When Can You Fit a Linear Probability Model? More Often Than You Think

In July 2015 I pointed out some advantages of the linear probability model over the logistic model. The linear model is much easier to interpret, and the linear model runs much faster, which can be important if the data set is large or the model is complicated. In addition, the linear probability model often fits about as well as the logistic model, since over some ranges the probability p is almost linearly related to the log odds function ln(p(1-p)) that is used in logistic regression.

As a rule of thumb I suggested that the linear probability model could be used whenever the range of modeled probabilities is between .20 and .80. Within that range the relationship between the probability and the log odds is almost linear.

LEARN MORE IN ONE OF OUR SHORT SEMINARS

Figure 1. The relationship between probability and log odds over the range of probabilities from .2 to .8.

This is reasonable advice, and similar advice has been given before (Long, 1997). But it doesn’t go far enough. There is a wider range of circumstances where the linear probability model is viable.

For example, in a new paper Joe Workman and I used a multilevel model to analyze obesity among US children in kindergarten through 2^nd grade—an age range over which the probability of obesity increases from .09 to .13. Since these probabilities are less than .20, you might guess that we couldn’t use the linear probability model. But we could, and we did. The linear model ran very quickly, whereas the logistic model can be slow when used in a multilevel context.
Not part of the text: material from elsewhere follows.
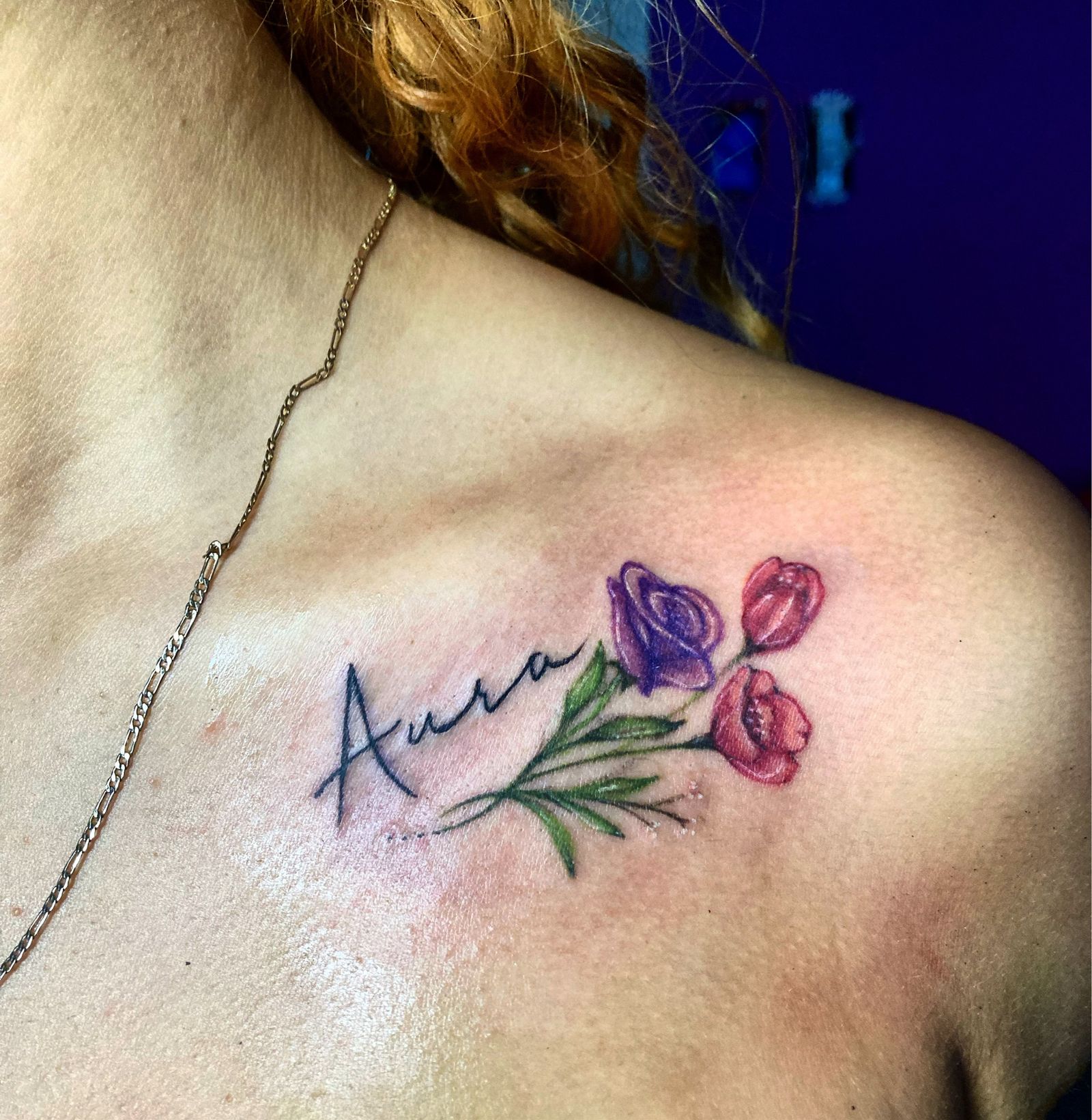 Script/ flowers tattoo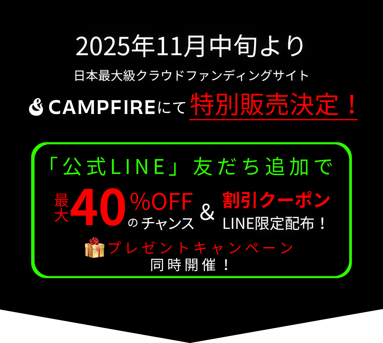 日本最大級の応援購入サイト「Makuake」にて1,000万円を超える大ヒットを記録しました。

The linear model also gave us very interpretable results; for example, we could write that “during the summer, children’s probability of obesity increases by approximately 1 percentage point per month.” And we didn’t lose any sleep about model fit; the linear model fit practically as well as a logistic model, because over the range of probabilities from .09 to .13 the probability is almost linearly related to the log odds.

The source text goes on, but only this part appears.